It’s somewhat curious to me how a great number of family business owners decide, one day, to take a step back, but don’t actually prepare the business or their management team for that event. The decision is puzzling and often, the consequences can be devastating. Let me explain.

Founders of family businesses tend to get to a point where they’ve decided the business doesn’t quite excite them as it used to. Or, it has got to a point where they’re comfortable, the business is ticking over and they start thinking “what’s next?”.

What never ceases to amaze me in these scenarios is that none of the “what’s next” conversation actually involves developing a plan for ensuring the business continues to grow and thrive into the future. What’s next usually involves considering “what’s my next project?”.

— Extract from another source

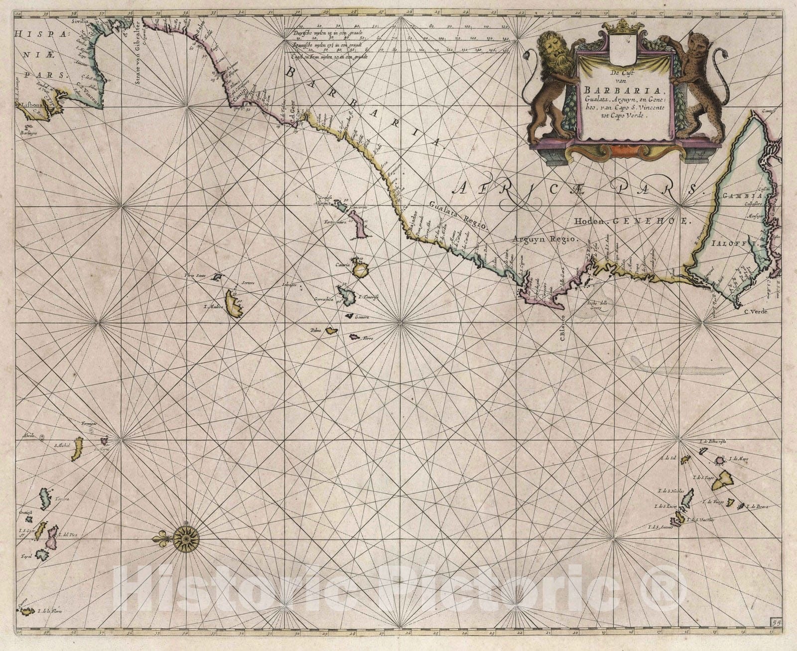 • .Historic Map : Senegal, West Africa 1667 De Cust van Barbaria. , Vintage Wall Art
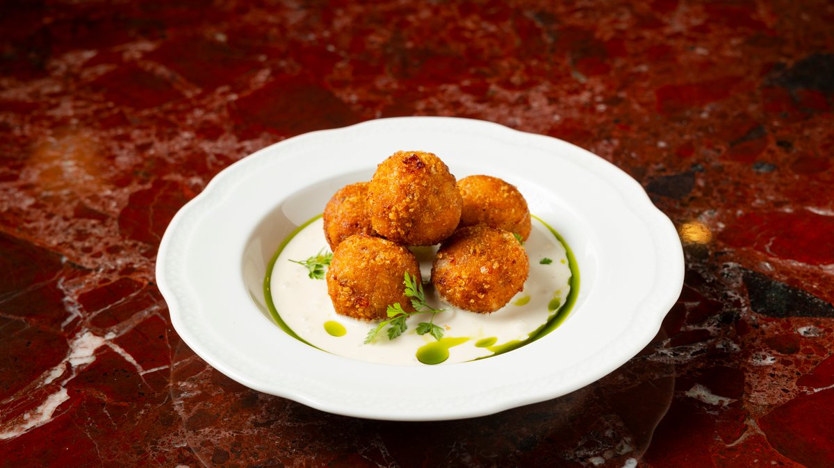 Κροκέτες από risotto με μοσχαρίσιο κιμά bolognese & κρέμα παρμεζάνα.

As such, this is what happens:

  1. Founders and owners appoint the best employee to the “beefed up” role – not the best individual. There’s a marked difference.
  2. Employees are given greater responsibility – but within a limited or non existent framework.
  3. Employees are told their new role – not consulted on it.
  4. Little or no handover takes place between the founder/owner and the newly promoted employee.
  5. Employees often don’t know how to lead – sure they can manage, but leadership and management are two different skill sets.
  6. The owner doesn’t engage in a formal review process with the employee in their new role. So, performance management is immediately lacking.
  7. Things start to go awry, but the owners have removed themselves so quickly they’re disengaged from the process. This also means that, as there is no overview from the board, the management team keep doing what they’ve always done – because they are unaware that what they are doing is wrong.
  8. The first warning or wake-up call is one of low sales, low cash, rapidly increasing debt or a key customer firing a shot across the bow.

So, the owners have not consulted, not provided a structure, stepped completely away and then, when things go pair-shaped, usually get flustered, angry, or both and ask “what’s going on”.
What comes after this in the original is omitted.